# Sliding mode observer gain -- How do I find it?

Hi,
I have a 2nd order of sliding mode observer of the form:
$$\dot{\hat{x}} = \hat{f}(x,t) + \delta f + \Psi(u,y) +[ \frac{d \Omega}{dx}]^{-1} \upsilon$$
where ##\upsilon##:
$$\upsilon_1= \alpha_1 \lambda_1^{1/2} | y_1 -\hat{x}_1|^{1/2}*sign(y_1 -\hat{x}_1)$$
$$\upsilon_2= \alpha_2 \lambda_1*sign(\upsilon_1)$$
$$\upsilon_3= \alpha_3 \lambda_2^{1/2} | y_2 -\hat{x}_2|^{1/2}*sign(y_2 -\hat{x}_2)$$
$$\upsilon_4= \alpha_4 \lambda_2*sign(\upsilon_3)$$
....
where ##y_{1,2}## is the output and and ##x_{1,2}## are the estimations of measurable outputs. How do I find the correct gain of sliding mode observer?
##\delta f## is the uncertainties and ##[ \frac{d \Omega}{dx}]^{-1} ## is some mathematical stuff based on transformations. The main question is how do you find the proper gain of an observer by linearizing a system?
Do I linearize the plant and observer? and then what graphs should I look at to find the appripriate gains?

donpacino
Gold Member
Can you convert your equations into state space format? It would be MUCH easier to solve if you can do that.
Is this for a class on non-linear controls, or just in general?
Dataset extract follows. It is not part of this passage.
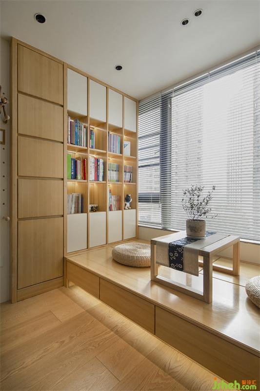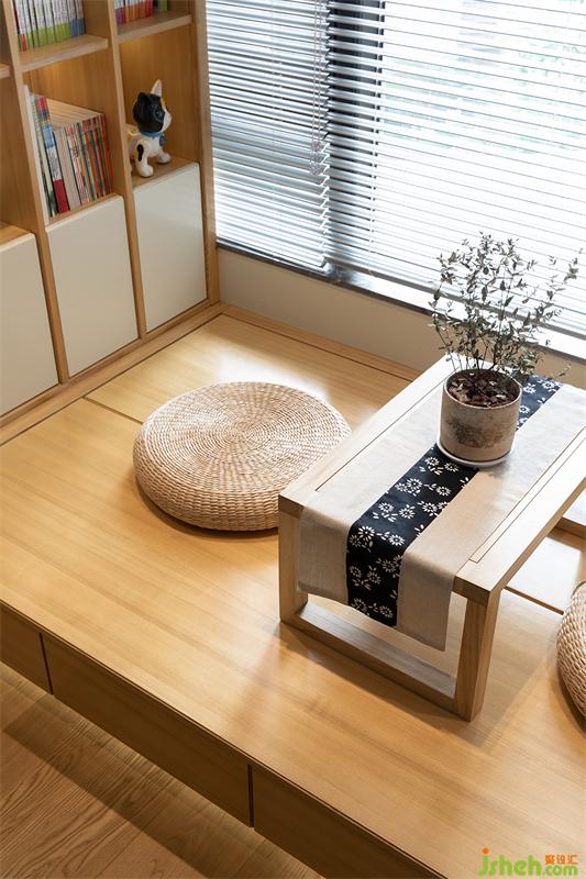 左邊設(shè)計了封閉式的柜門,斜邊暗拉手的設(shè)計延伸與右邊的層板柜橫板齊平;豎板用木色區(qū)分于白色柜門的設(shè)計手法,同時比柜門凸出1公分,視覺上顯得更流暢、立體感。
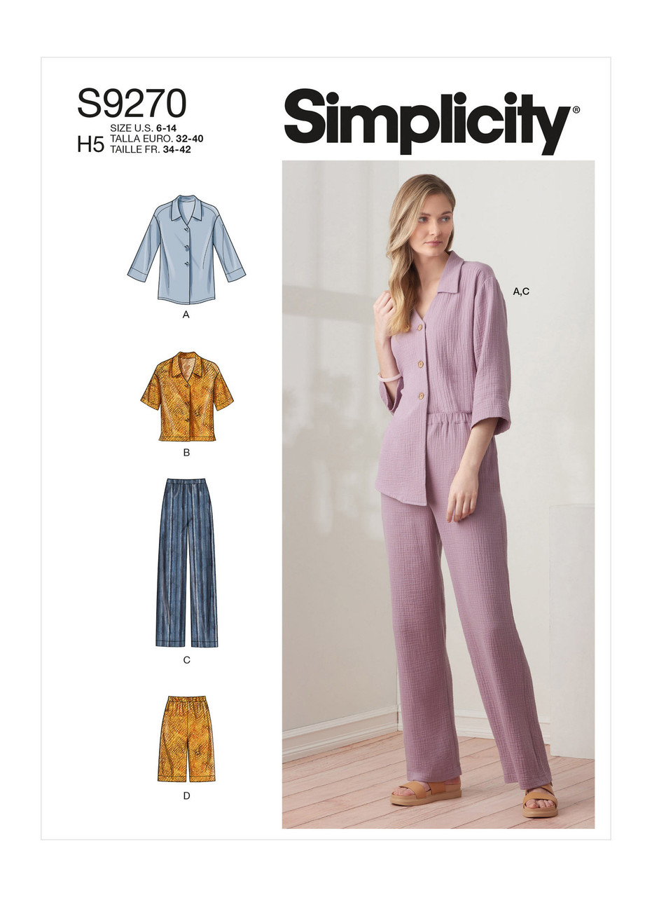 Misses' v-neck button up tops with pointed collar, long or short sleeves, shaped or straight hem; pull-on pants or shorts.

If this is a nonlinear controls problem, and the sign function implies, then yes you'll have to linear to get the function into state space format.

You would solve for an observer pretty much the same way you solve for a controller. You determine your desired eigenvalues and work backwards to determine the gains required. Ackermans formula for example is one way to do it.

donpacino
Gold Member
Do you know how to compute your Jacobin matrix?